Five weeks and more than 7,000 miles later, Sean and Ryan had extensive footage covering Sean’s experience with HLH. It was an experience with touch points across the continent, starting in Toronto, heading west across Canada to British Columbia, coming south to California and Utah, and then east to Ohio.
‘There’s My Life Right There’
The visit to Cincinnati brought back many memories for Sean. He says some of them are fuzzy, because he was so sick at the time. Others are quite clear, such as the day he was to receive his new stem cells that had been extracted from the bone marrow. “I remember on transplant day the nurse bringing the bag and me looking at the bag and thinking, ‘There’s my life right there,’ ” says Sean.
In his case, three rounds of chemotherapy to treat his HLH had proven unsuccessful. This immune deficiency disorder occurs when certain white blood cells build up in organs including the skin, spleen, and liver, and destroy other blood cells. That build-up of extra cells causes fever and damages the liver and spleen, resulting in enlargement of these organs. The disease can be inherited or caused by an infection. In either case, if not treated properly, it can be fatal.

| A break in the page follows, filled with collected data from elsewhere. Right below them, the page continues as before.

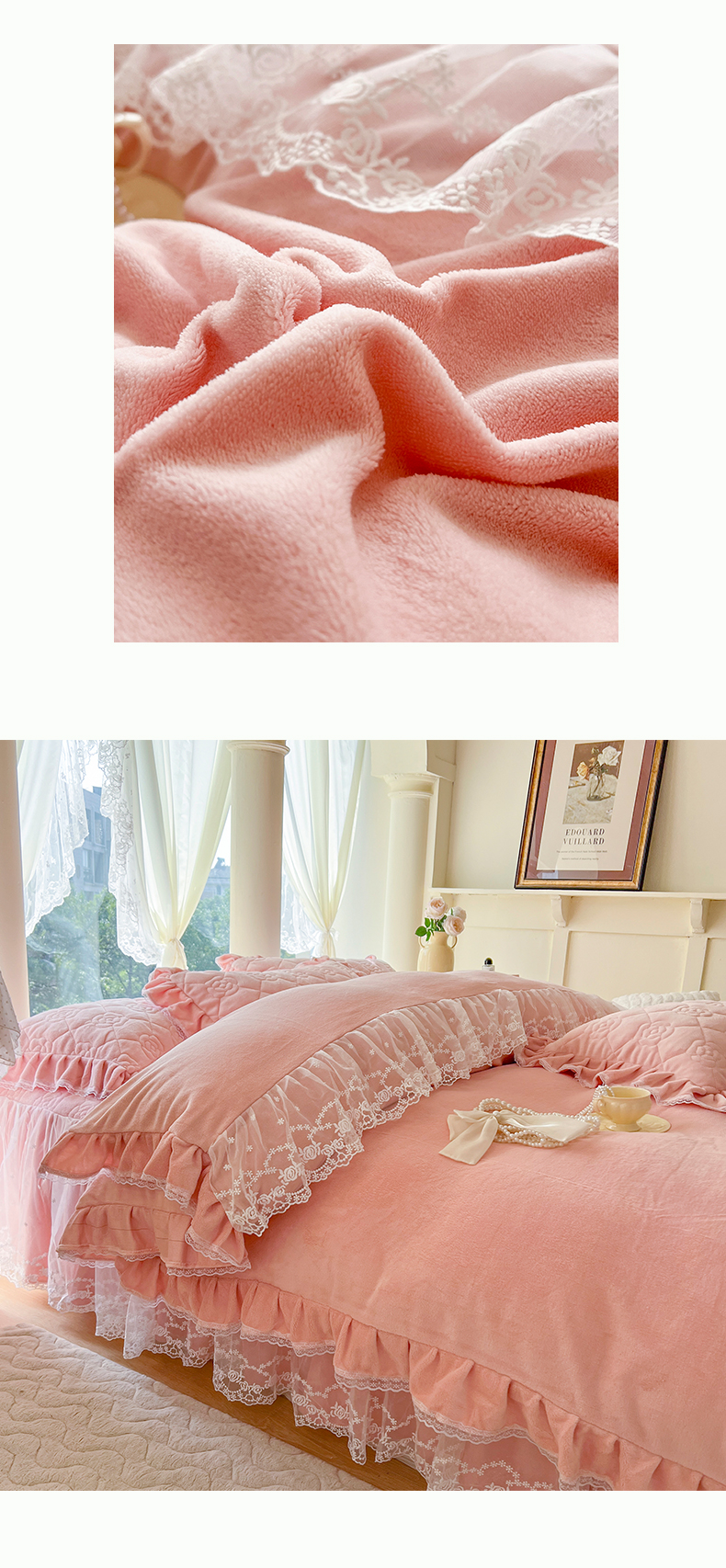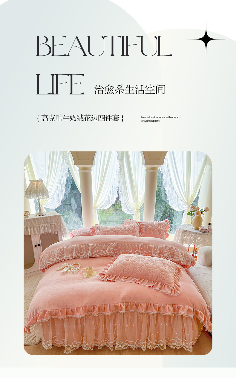 当前位置: 91家纺网 > 商品网购 > 床品套件 > 四件套 > 牛奶绒四件套 > 网红馆 2025新款高克重牛奶绒花边床裙四件套-山茶系列 山茶-粉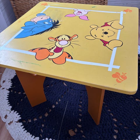 Lasten puinen pöytä ja kaksi jakkaraa Nalle Puh -kuvioilla
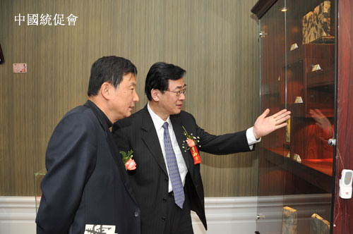 中国和平统一促进会执行副秘书长李路(右)和副秘书长王安南(左)参观展览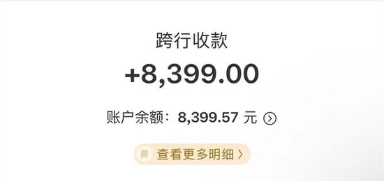 3月21日,邓某的手机收到银行到账提醒——8399元全额退回。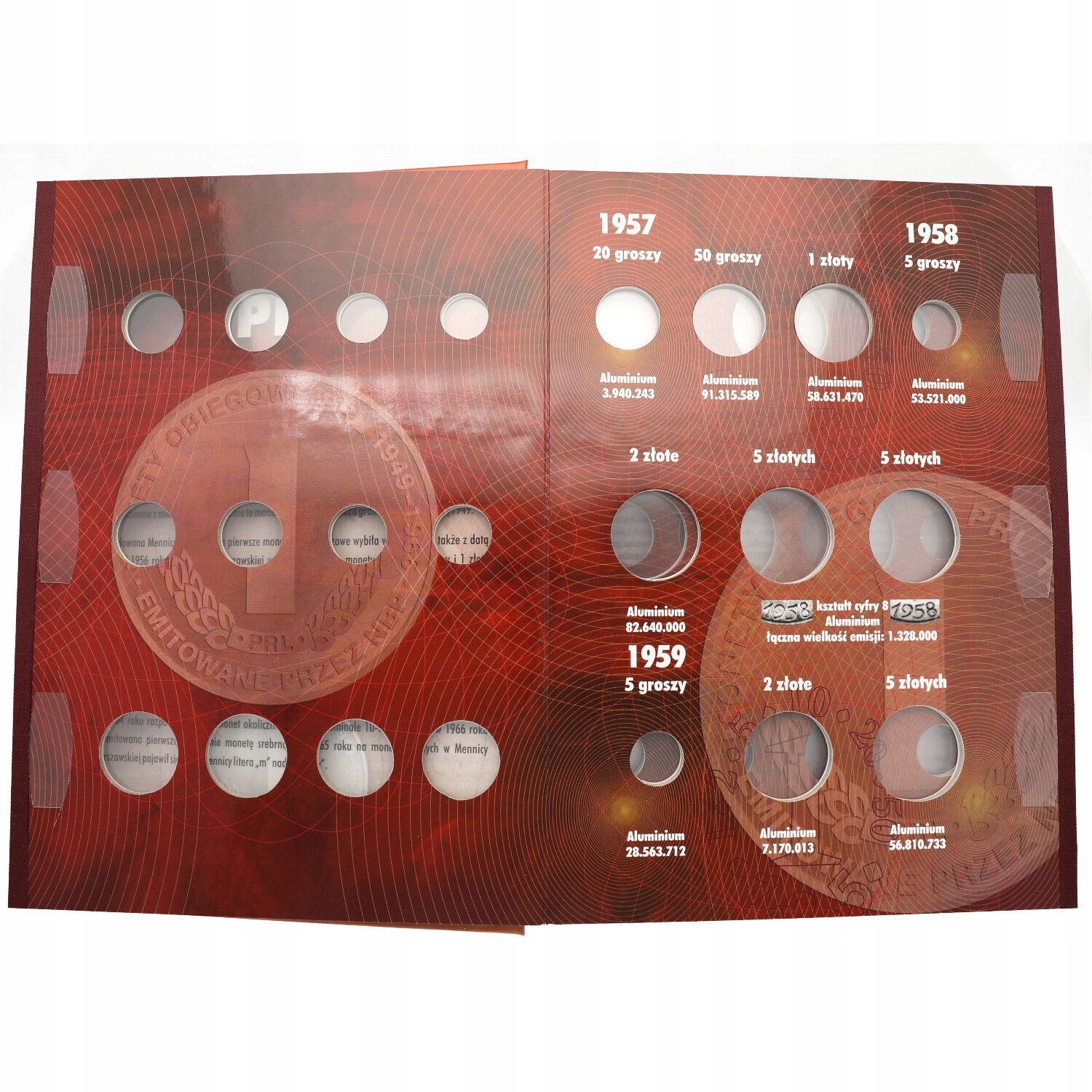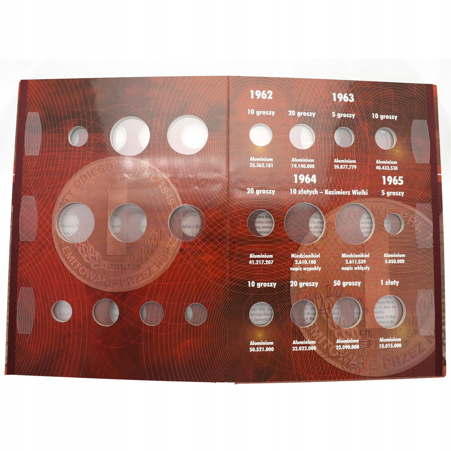 Альбом для обігових монет періоду Польської Народної Республіки - том І охоплює роки 1949 - 1966.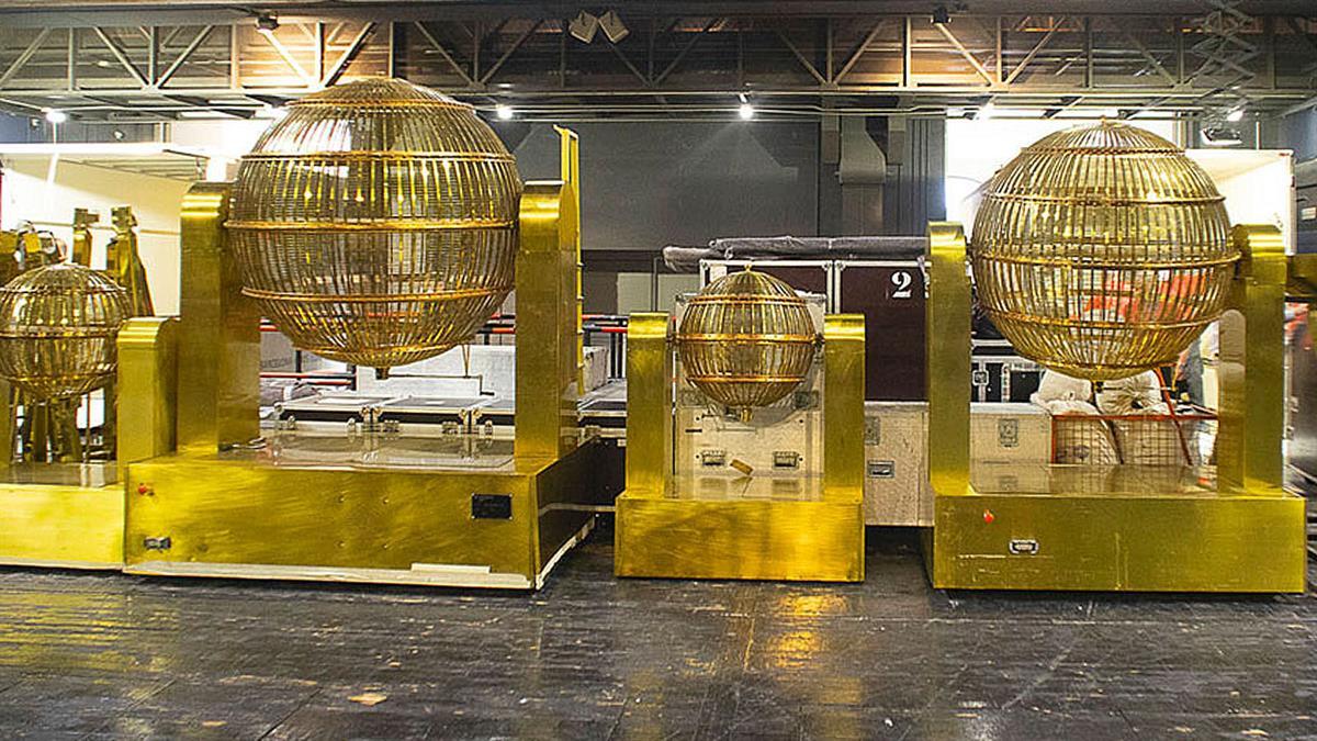 Como cada año, el bombo grande se ha ubicado en el escenario para acoger las 100.000 bolas de los números que participan en el Sorteo. Fue fabricado hace quince años, está realizado en una aleación de latón y bronce y tiene una altura de 2,64m, una anchura de 2,11m y un peso aproximado de 850kg. El diámetro de la esfera es de 1,58 m. Ya le acompaña en el escenario el bombo pequeño, el de los premios, realizado con los mismos materiales.

Sean’s last resort was a bone marrow transplant. It was then that his physician at Sick Kids sent him to Cincinnati Children’s, with one of largest bone marrow transplantation programs in the United States. Eight months after his symptoms first began, Sean was flown to Cincinnati where he met his immunologist, Michael B. Jordan, MD.

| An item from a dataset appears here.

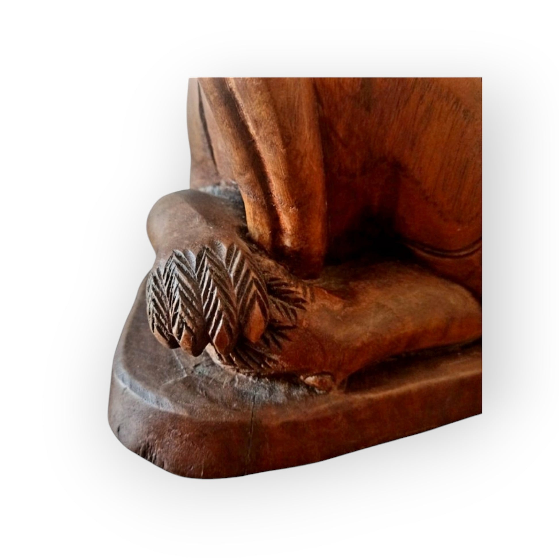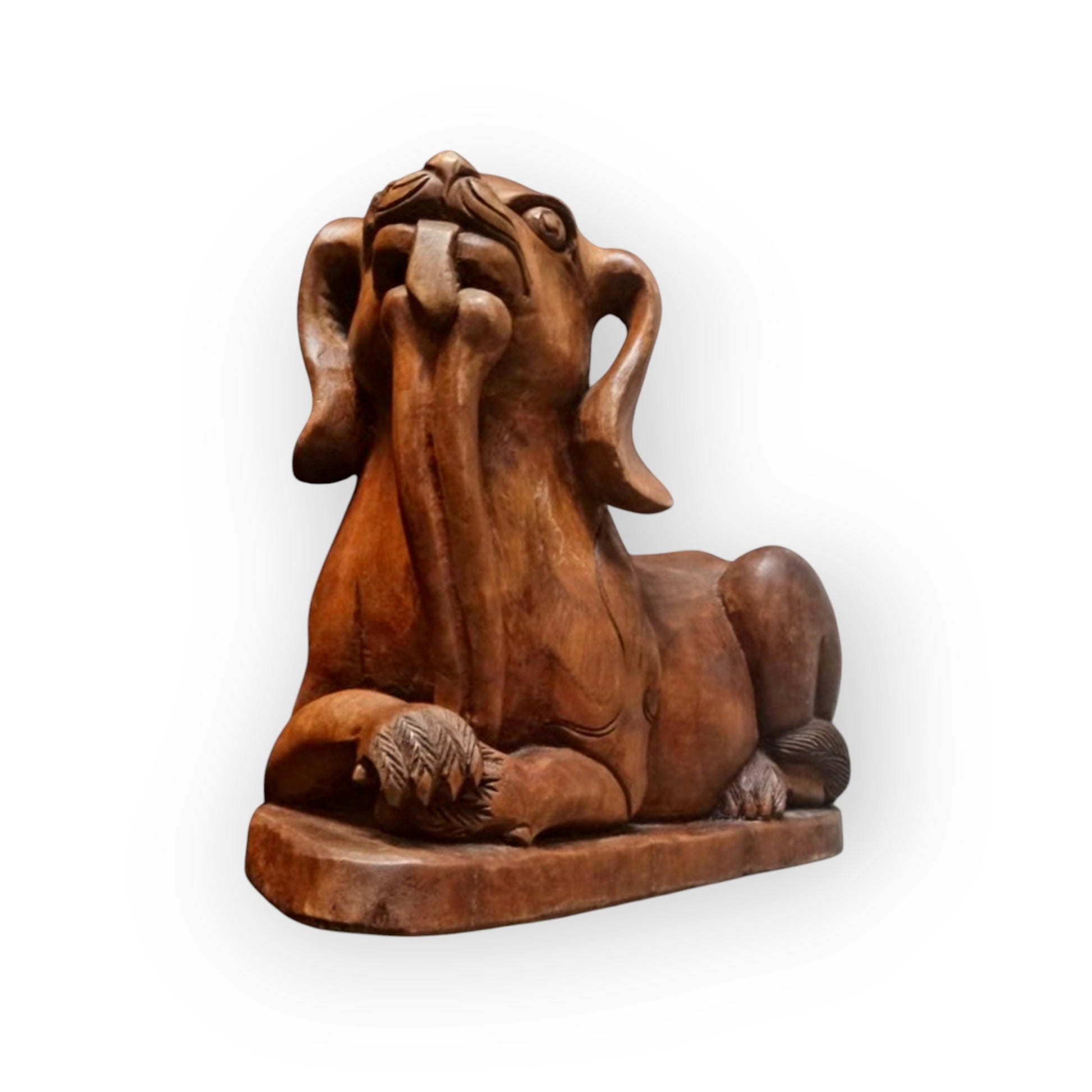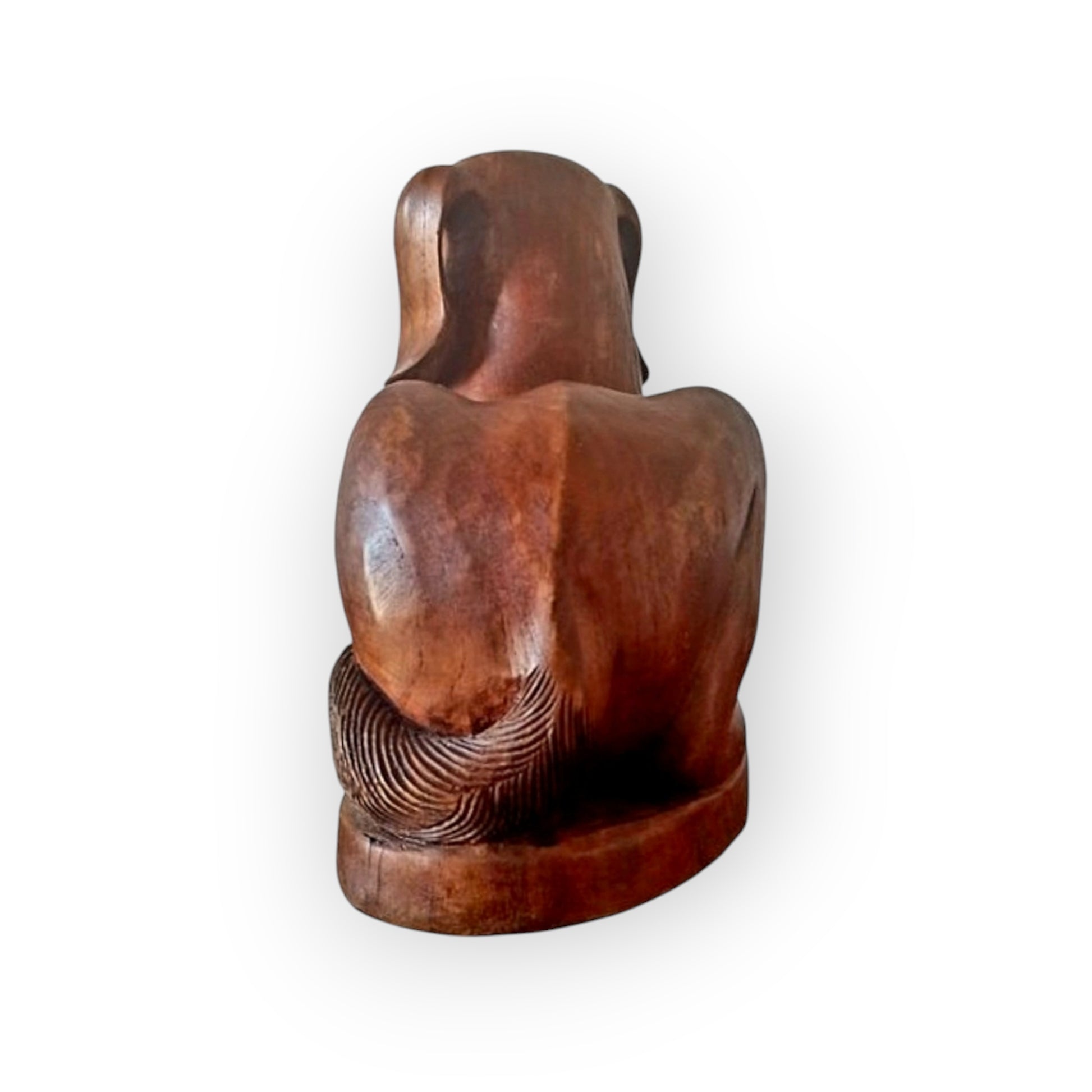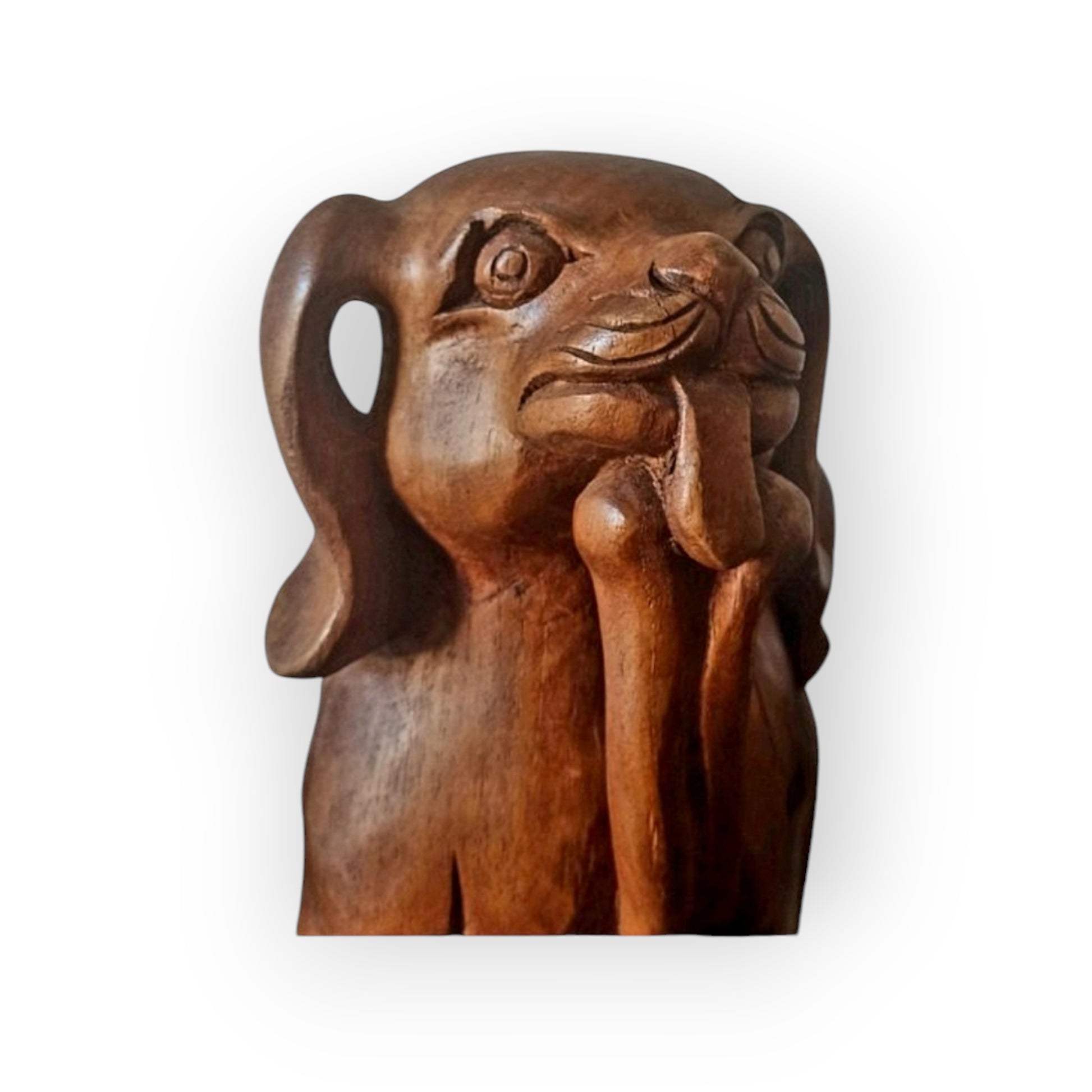 A large, charming, yet somewhat naive, 19thC carved wooden folk-art sculpture of a recumbent dog.

While HLH is very rare, doctors in the HLH Center of Excellence at Cincinnati Children’s have been diagnosing and treating it for decades.
They also conduct research on the disease, with labs that provide molecular tests for a variety of genetic disorders and explore cell function within HLH. The program sees more cases of HLH than any other center in North America thanks to our longstanding expertise and national / international referrals.
“The care was exceptional,” Sean recalls. “My mom says this is one of the best hospitals she’s been in for anything.” She should know, since she stayed there with Sean for six months while he recovered after his transplant. Sean’s father visited often.
During his return trip to Cincinnati Children’s, Sean made a point to visit music therapist Brian Schreck, MA, MT-BC. “He played a big part in my recovery,” Sean says. “I would have trouble falling asleep, because I’d get migraines really bad. Brian would watch my heart rate and play guitar along with my heartbeat, which was really cool. I’d pretty much fall asleep every time.”
The Journey Continues
It was care like that that brought Sean back to Cincinnati Children’s this past summer, full of energy to ensure more people know what HLH is, and − with his own parents and brother Paul incompatible donor matches − the importance of bone marrow donation.
“We’re now making a trailer for the film,” Sean says. He and Ryan are receiving direction from an experienced independent documentary filmmaker as they go. “Our next step will be to apply for funding so that we can continue with the editing process.” With Sean’s devotion to the cause, it seems certain that this survivor-turned-advocate will find a way to get that funding, logging whatever miles are needed to see the project to fruition.
Good thing for HLH patients. Cited by the National Institutes of Health as a rare disease, more studies could lead to improvements in genetic testing, new knowledge about its causes, and novel approaches to treatment. Sean would be more than happy to be a catalyst for that.